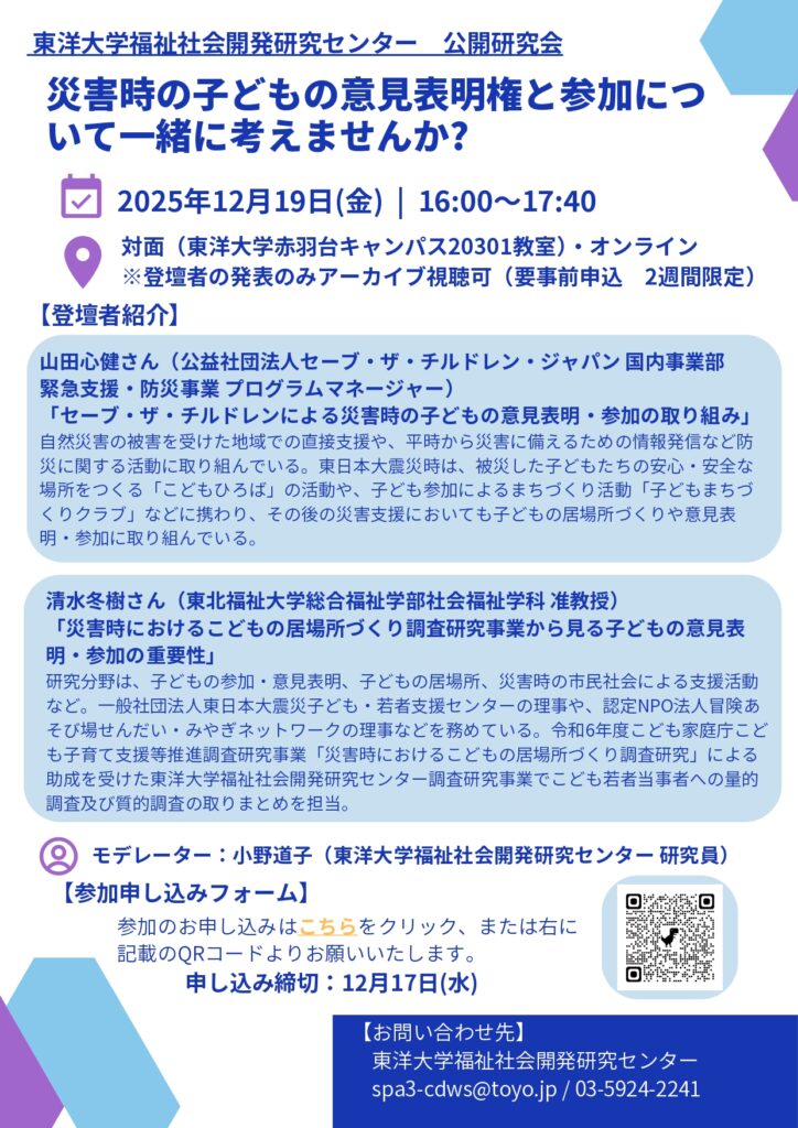 【テーマ】 「災害時の子どもの意見表明権と参加について一緒に考えませんか?」
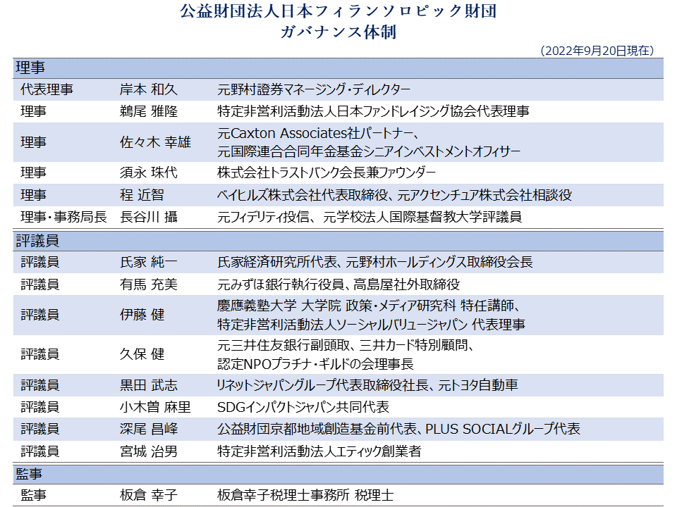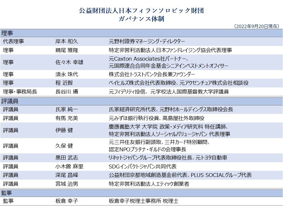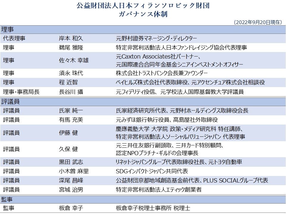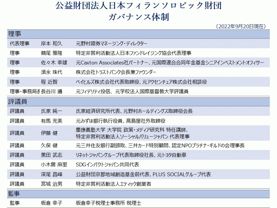 公益財団法人日本フィランソロピック財団(所在地:東京都千代田区、代表理事:岸本 和久)は、9月20日開催の2022年度定時評議員会で新任評議員と監事を選任し、新役員体制となりました。
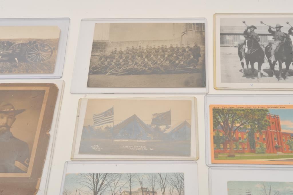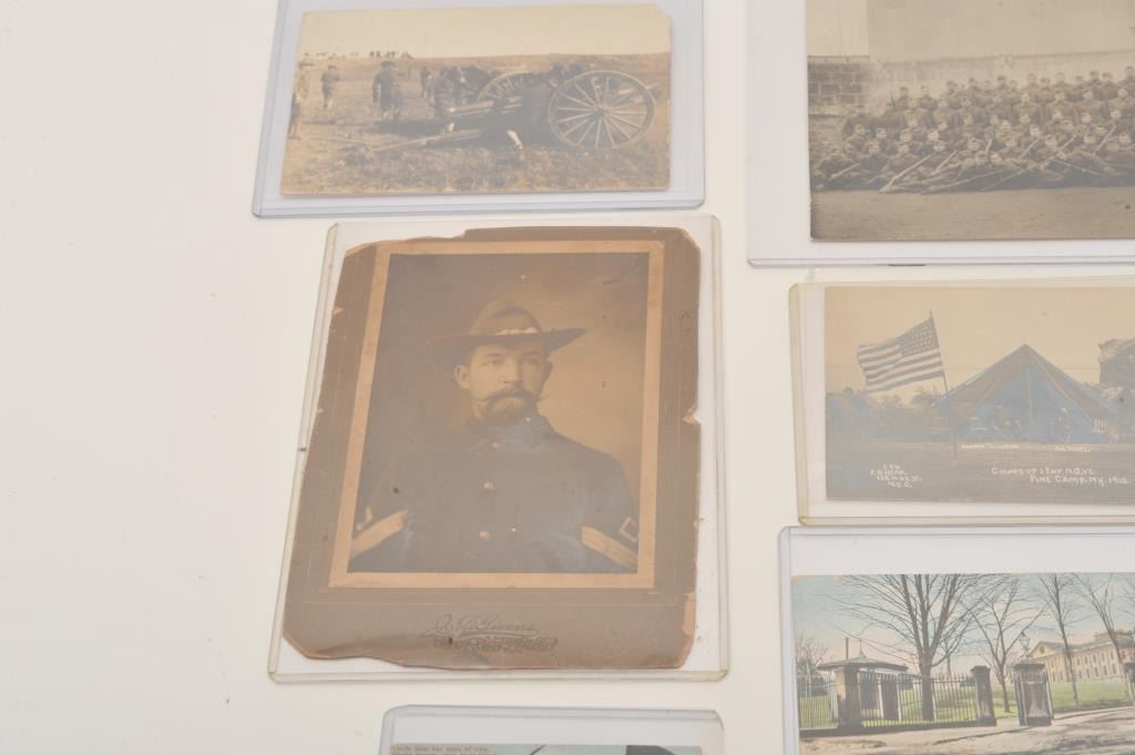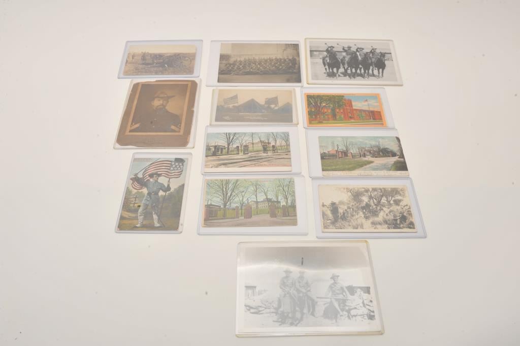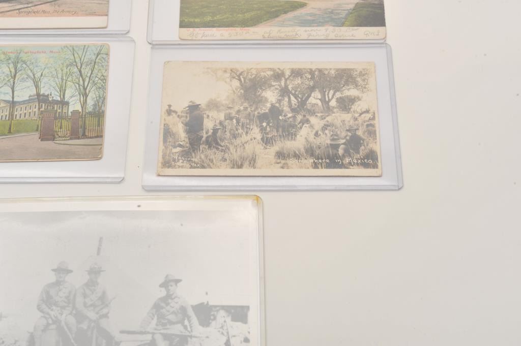 Good lot of military photos and post cards. Cabinet photo in sepia tone of Sarg. on Givens card S.F. image 5 ¼ inch by 3 ½ inch span and era. 2 border war era original photos ID on back. First regimental buglerGeo. E. Walker, Camp Henry James Douglas, Arizona, Second Border patrol outpost, Put’s Caulfield, Urban, Maker troop of 1st cavalry. Photo officers of 36 Inf with 1917 Enfield’s. 8 post cards of forts, Mexico,cannons, 1900-1918. Est;$100-300
◇ ◇ ◇
Exercise aim |
Copy each line of the material above exactly, but not the images.

Solution for this task |
 【テーマ】 「災害時の子どもの意見表明権と参加について一緒に考えませんか?」
 公益財団法人日本フィランソロピック財団(所在地:東京都千代田区、代表理事:岸本 和久)は、9月20日開催の2022年度定時評議員会で新任評議員と監事を選任し、新役員体制となりました。
 Good lot of military photos and post cards. Cabinet photo in sepia tone of Sarg. on Givens card S.F. image 5 ¼ inch by 3 ½ inch span and era. 2 border war era original photos ID on back. First regimental buglerGeo. E. Walker, Camp Henry James Douglas, Arizona, Second Border patrol outpost, Put’s Caulfield, Urban, Maker troop of 1st cavalry. Photo officers of 36 Inf with 1917 Enfield’s. 8 post cards of forts, Mexico,cannons, 1900-1918. Est;$100-300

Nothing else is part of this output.